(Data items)

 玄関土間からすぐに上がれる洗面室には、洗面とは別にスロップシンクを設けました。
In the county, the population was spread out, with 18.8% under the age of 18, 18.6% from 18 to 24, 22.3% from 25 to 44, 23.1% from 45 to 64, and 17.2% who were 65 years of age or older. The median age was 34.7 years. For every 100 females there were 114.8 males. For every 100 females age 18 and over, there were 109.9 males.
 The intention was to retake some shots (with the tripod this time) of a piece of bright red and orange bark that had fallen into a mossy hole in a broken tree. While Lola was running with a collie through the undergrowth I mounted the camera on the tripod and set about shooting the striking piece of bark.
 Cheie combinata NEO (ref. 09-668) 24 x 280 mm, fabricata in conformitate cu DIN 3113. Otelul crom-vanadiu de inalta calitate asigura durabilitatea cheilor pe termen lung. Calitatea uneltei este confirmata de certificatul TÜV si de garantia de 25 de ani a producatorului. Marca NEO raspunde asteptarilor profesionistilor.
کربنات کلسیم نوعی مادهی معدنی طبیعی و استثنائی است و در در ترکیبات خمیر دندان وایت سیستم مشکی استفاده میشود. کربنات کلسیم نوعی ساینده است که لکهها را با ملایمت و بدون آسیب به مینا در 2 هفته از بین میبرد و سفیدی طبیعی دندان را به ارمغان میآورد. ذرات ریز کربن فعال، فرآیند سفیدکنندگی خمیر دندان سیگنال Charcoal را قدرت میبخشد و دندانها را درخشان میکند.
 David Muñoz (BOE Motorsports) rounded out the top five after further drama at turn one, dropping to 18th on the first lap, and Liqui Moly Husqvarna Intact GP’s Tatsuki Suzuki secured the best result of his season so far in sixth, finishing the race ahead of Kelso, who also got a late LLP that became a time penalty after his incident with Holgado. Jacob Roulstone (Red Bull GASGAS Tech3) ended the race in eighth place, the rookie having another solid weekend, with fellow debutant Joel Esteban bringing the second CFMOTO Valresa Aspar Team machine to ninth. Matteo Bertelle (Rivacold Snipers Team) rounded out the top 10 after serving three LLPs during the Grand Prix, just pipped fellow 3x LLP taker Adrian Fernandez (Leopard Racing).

...

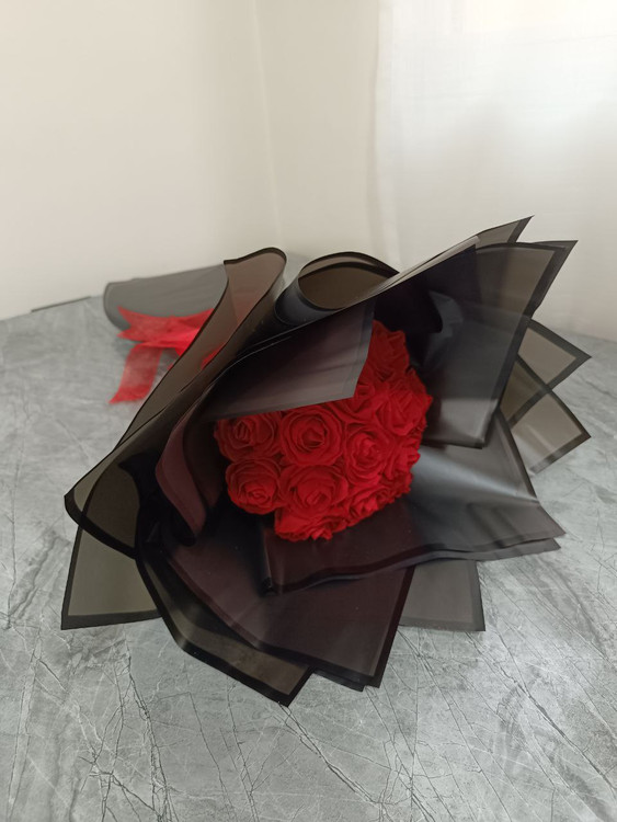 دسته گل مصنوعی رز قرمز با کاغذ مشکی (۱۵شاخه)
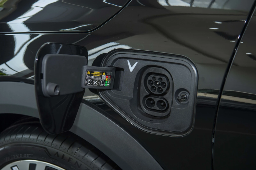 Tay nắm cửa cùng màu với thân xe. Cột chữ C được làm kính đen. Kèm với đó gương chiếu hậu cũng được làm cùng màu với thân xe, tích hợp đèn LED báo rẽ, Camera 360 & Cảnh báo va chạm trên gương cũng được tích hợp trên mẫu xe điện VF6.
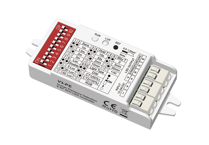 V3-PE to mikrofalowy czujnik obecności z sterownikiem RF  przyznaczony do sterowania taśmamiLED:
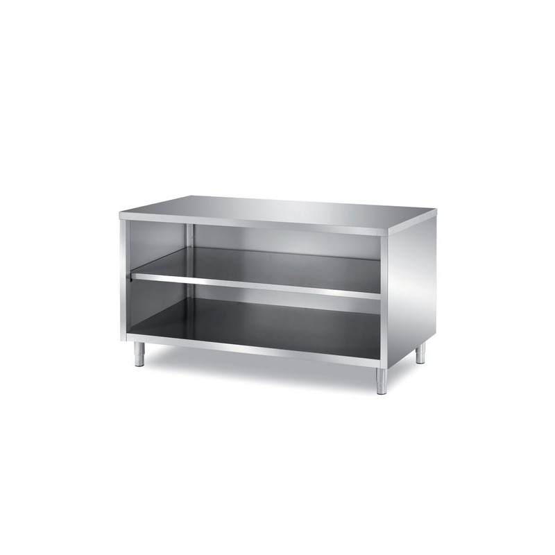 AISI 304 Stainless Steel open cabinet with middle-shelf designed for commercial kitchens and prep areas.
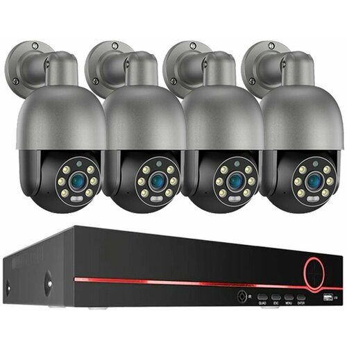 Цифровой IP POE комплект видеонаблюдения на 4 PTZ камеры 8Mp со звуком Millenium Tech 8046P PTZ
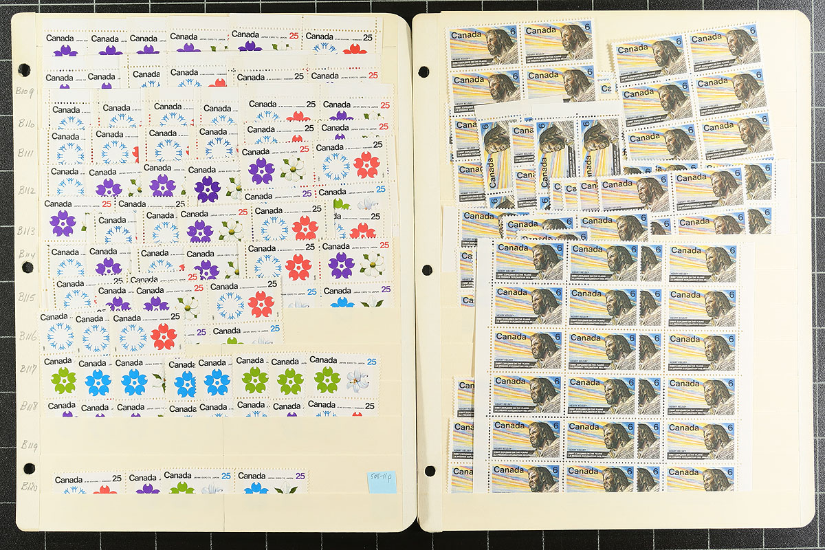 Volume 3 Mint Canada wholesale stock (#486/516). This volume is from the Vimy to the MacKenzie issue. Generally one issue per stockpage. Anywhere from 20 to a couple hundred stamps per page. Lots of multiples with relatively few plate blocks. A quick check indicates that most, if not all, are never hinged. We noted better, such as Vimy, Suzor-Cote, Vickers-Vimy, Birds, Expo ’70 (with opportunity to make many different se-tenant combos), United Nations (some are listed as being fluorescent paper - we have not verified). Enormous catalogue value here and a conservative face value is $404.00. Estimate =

**WHAT THIS TASK INVOLVES:**
Leaving out each picture, repeat exactly the lines above from the one that contains "Цифровой IP POE" through the one that contains "Volume 3 Mint".

**ANSWER SPACE:**
 Цифровой IP POE комплект видеонаблюдения на 4 PTZ камеры 8Mp со звуком Millenium Tech 8046P PTZ
 Volume 3 Mint Canada wholesale stock (#486/516). This volume is from the Vimy to the MacKenzie issue. Generally one issue per stockpage. Anywhere from 20 to a couple hundred stamps per page. Lots of multiples with relatively few plate blocks. A quick check indicates that most, if not all, are never hinged. We noted better, such as Vimy, Suzor-Cote, Vickers-Vimy, Birds, Expo ’70 (with opportunity to make many different se-tenant combos), United Nations (some are listed as being fluorescent paper - we have not verified). Enormous catalogue value here and a conservative face value is $404.00. Estimate =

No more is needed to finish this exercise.